The American Health Care Association (AHCA), the primary national trade association for the nursing home industry, reports that 94% of facilities responding to their recent survey report a shortage of staff and that nearly 75% report that staffing shortages have gotten worse since 2020.[1] As proposed by AHCA and LeadingAge, the trade association of not-for-profit providers, in their jointly-released Care For Our Seniors Act,[2] more reimbursement is needed. 81% of AHCA’s survey respondents agree that higher reimbursement would enable them to offer better salaries and benefits to their workers.[3]
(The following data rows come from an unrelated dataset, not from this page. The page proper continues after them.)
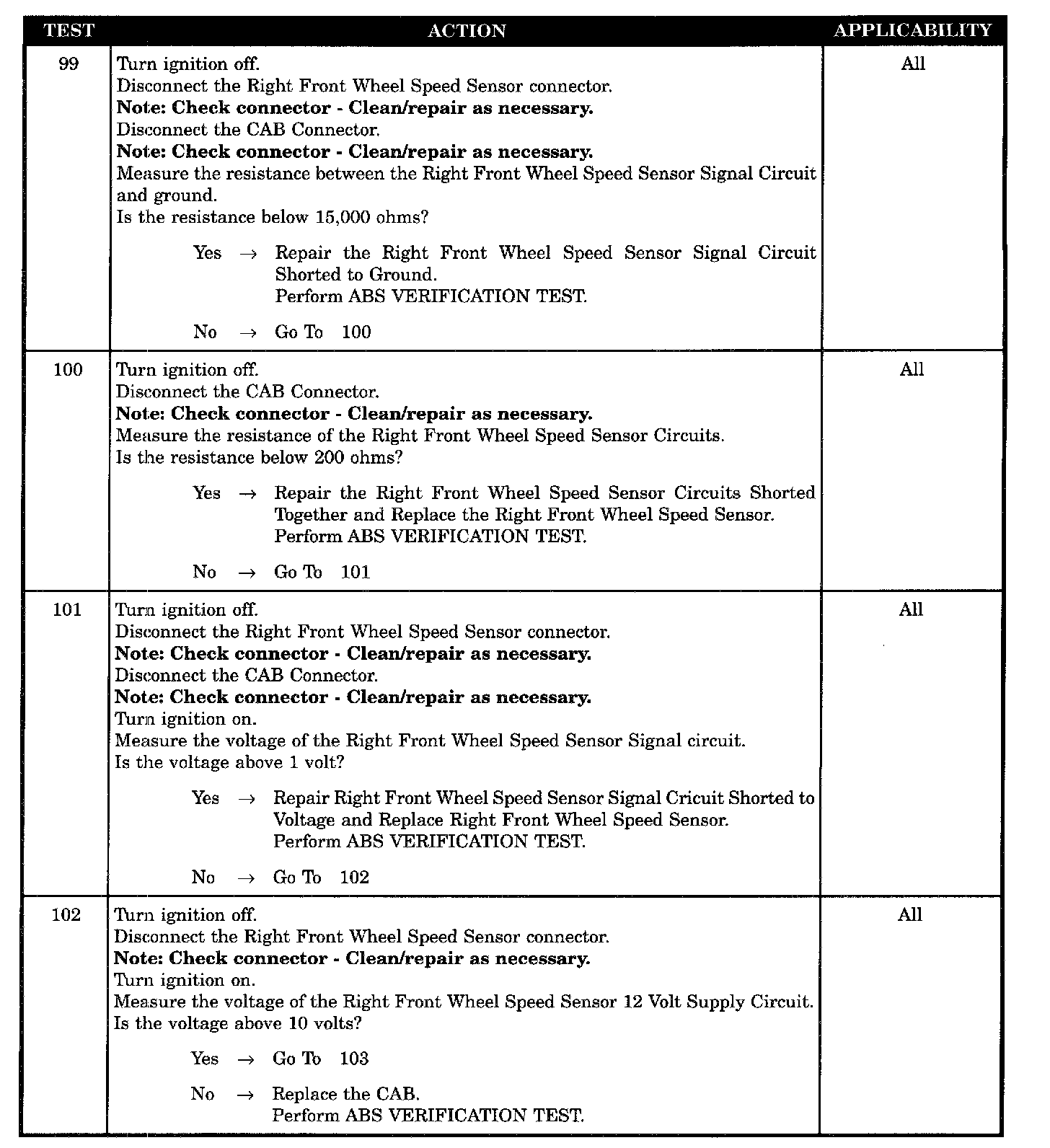 CAB DEFECTIVE - UNABLE TO READ RIGHT FRONT WHEEL SPEED SENSOR SIGNAL
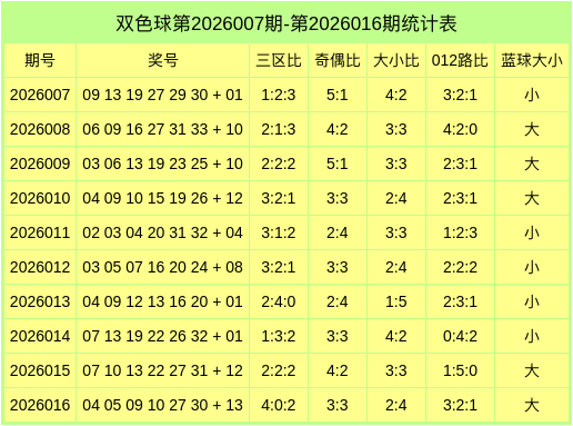 红球大小比为2:4,奇偶比为3:3,012路比为3:2:1,蓝球开出大数。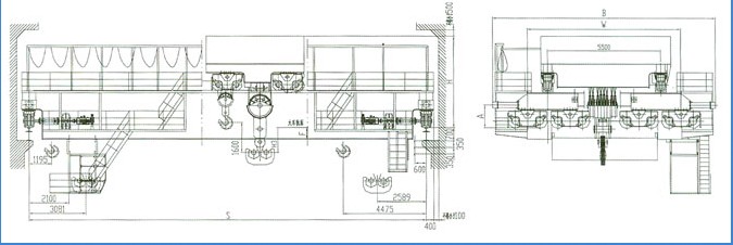 | QD型電動(dòng)雙梁吊鉤橋式起重機(jī)整機(jī)結(jié)構(gòu)圖 |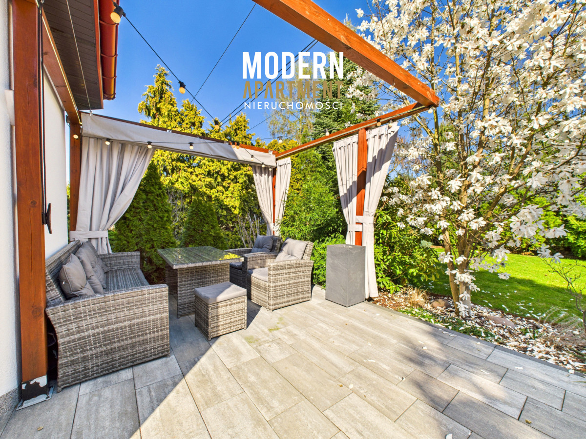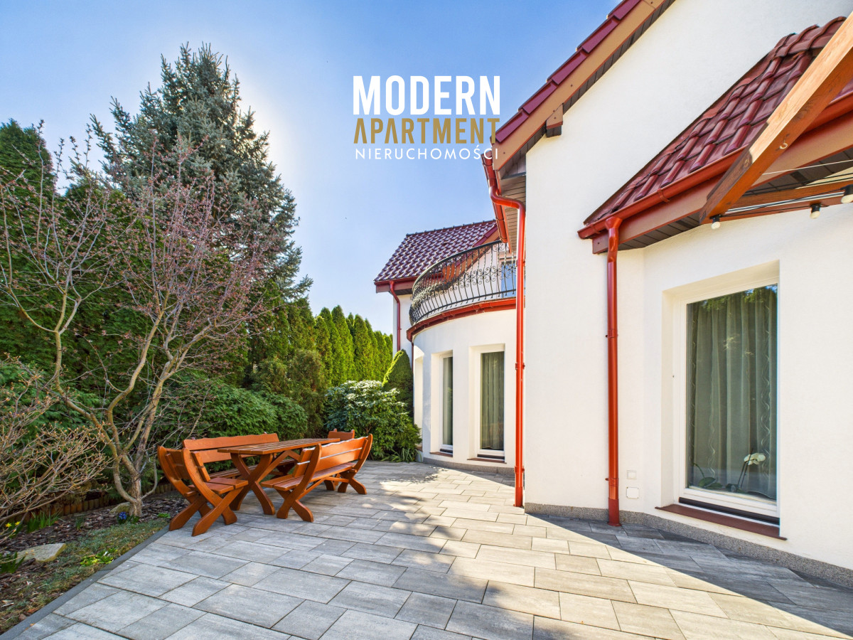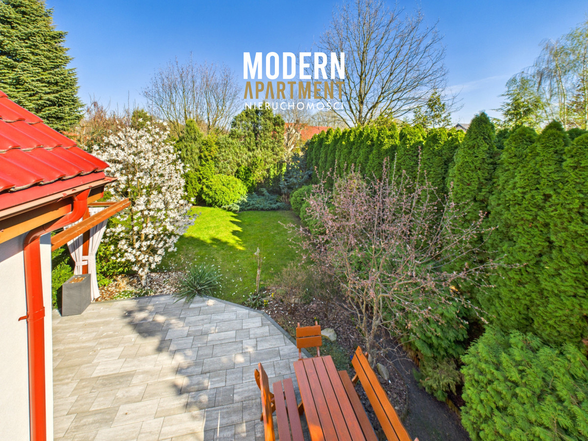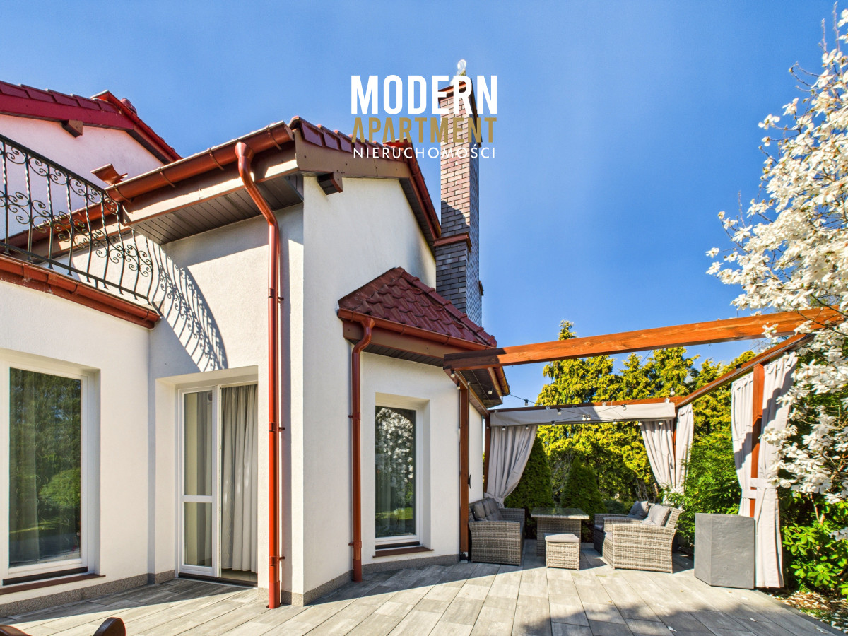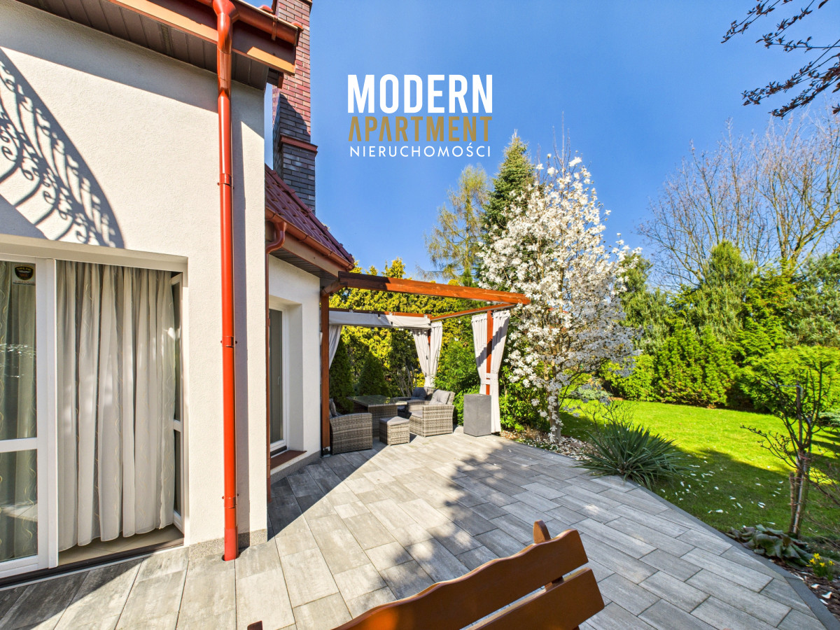 w dwufunkcyjny piec gazowy, kominek z rozprowadzeniem ciepła, centralny odkurzacz, system alarmowy oraz światłowód. Brama wjazdowa i garażowa sterowane są elektrycznie. Dach pokryty dachówką ceramiczną, okna, drzwi i parapety wykonane z drewna. Podłogi wykończone drewnem egzotycznym (czereśnia amerykańska) oraz gresem. Dojazd do posesji prowadzi utwardzoną i oświetloną drogą z kostki brukowej. Ogród wyposażony w system automatycznego podlewania. Zbiornik na deszczówkę zapewnia dostęp do wody nieograniczając dbania o ogród w okresach intensywnych upałów i suszy.

We have heard this industry message before, many, many times. It’s time for a different response from the multi-billion dollar nursing home industry, most of whose reimbursement comes from public dollars.[4]
The Center has issued a new report that maintains that if facilities really want more staff, they must employ an appropriate number of permanent staff, pay all workers a living wage, and provide all workers with meaningful benefits, sufficient training, and a positive work environment. These recommendations are recognized by workers and nursing facilities alike as specific, straightforward ways to improve staffing levels and quality of care for nursing home residents.[5]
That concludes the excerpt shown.